# I think the idea is to factor out the x's

• Sep 4th 2011, 10:53 AM
David Green
I think the idea is to factor out the x's
I have to equations;

x - 2 / 3, and 2x / 7

I need to solve for x?

First I multiply the denomintors;

3(x - 2) = 7(2x)

next I think I need to factor out the x's?

x(x - 2) from here I am lost?

I am sure I require to get (x......)(x......) but unsure at this point?
• Sep 4th 2011, 10:59 AM
Siron
Re: I think the idea is to factor out the x's
Do you mean:
$\displaystyle \frac{x-2}{3}=\frac{2x}{7}$?
Multiply both sides with 21 which is the LCM of 3 and 7.

Note:
An equation looks like ...=..., so just $\displaystyle \frac{2x}{7}$ is not an equation.
• Sep 4th 2011, 11:12 AM
David Green
Re: I think the idea is to factor out the x's
Quote:

Originally Posted by Siron
Do you mean:
$\displaystyle \frac{x-2}{3}=\frac{2x}{7}$?
Multiply both sides with 21 which is the LCM of 3 and 7.

Note:
An equation looks like ...=..., so just $\displaystyle \frac{2x}{7}$ is not an equation.

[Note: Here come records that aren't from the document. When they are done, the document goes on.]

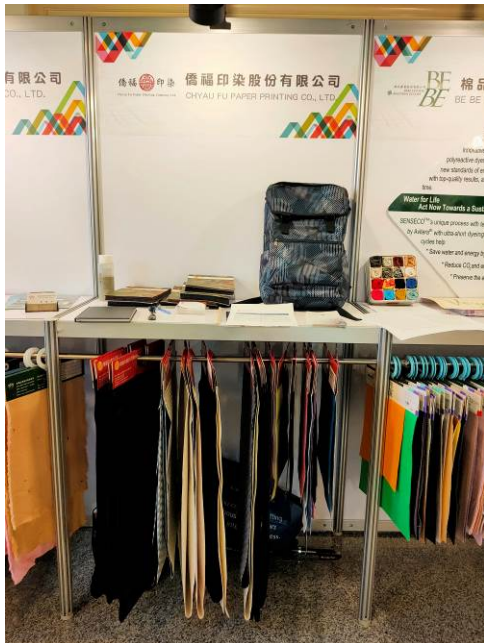
聯展廠商展位-僑福印染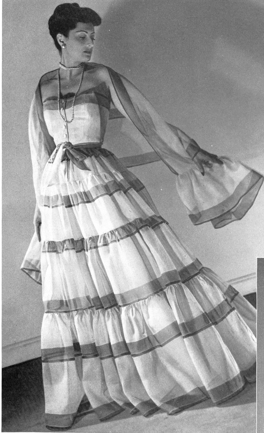
BALENCIAGA Stoffel & Cie, St-Gall. INAMO, ZURICH.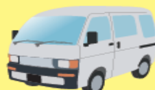
事業用車両（黒・緑ナンバー）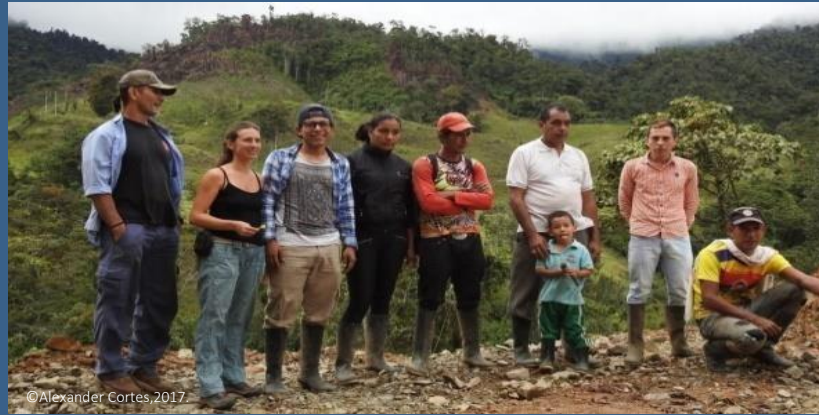
Biólogos e integrantes locales de la expedición ecológica en Santa Clara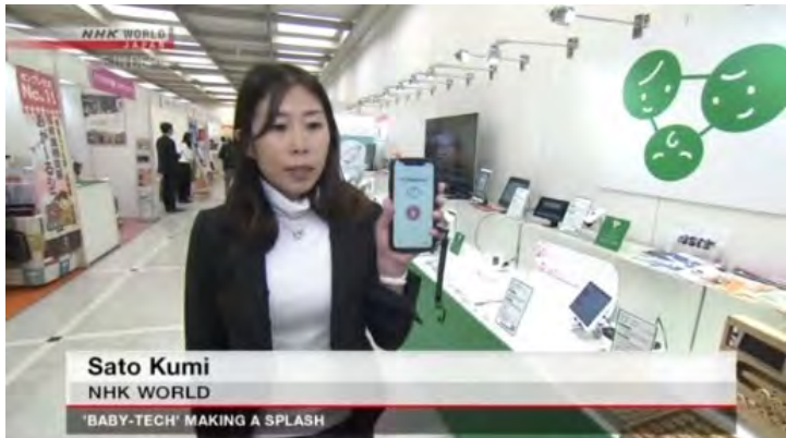
▲ NHK WORLD（国際放送）

I must be doing something wrong because when I check the solutions they don't match?

x - 2 = 2x
3 7

27(x - 2) = 27(2x)

27x - 54 = 54x

27x - 54x = 54

-27x = 54
-27 -27

x = - 2

-2 -2 = - 1.33
3

2 (-2) = - 4
7 7

x = - 0.57???

Something is up I know I can find problems, but I also know I can't find correct solutions?
• Sep 4th 2011, 11:19 AM
Siron
Re: I think the idea is to factor out the x's
If you mutliply both sides with 21 then you get:
$\displaystyle \frac{21}{3}(x-2)=\frac{21}{7}(2x)$
$\displaystyle \Leftrightarrow 7(x-2)=3(2x)$
$\displaystyle \Leftrightarrow 7x-14=6x$
$\displaystyle \Leftrightarrow 14=x$
• Sep 4th 2011, 11:26 AM
David Green
Re: I think the idea is to factor out the x's
Quote:

Originally Posted by Siron
If you mutliply both sides with 21 then you get:
$\displaystyle \frac{21}{3}(x-2)=\frac{21}{7}(2x)$
$\displaystyle \Leftrightarrow 7(x-2)=3(2x)$
$\displaystyle \Leftrightarrow 7x-14=6x$
$\displaystyle \Leftrightarrow 14=x$

Thanks Siron,

I would never had thought about inverting the denominators and numerators to do that?
• Sep 4th 2011, 11:39 AM
Siron
Re: I think the idea is to factor out the x's
You're welcome!
If you have a polynomial equation with fractions in it then it's useful to multiply each side with the LCM of the denominators of the fractions.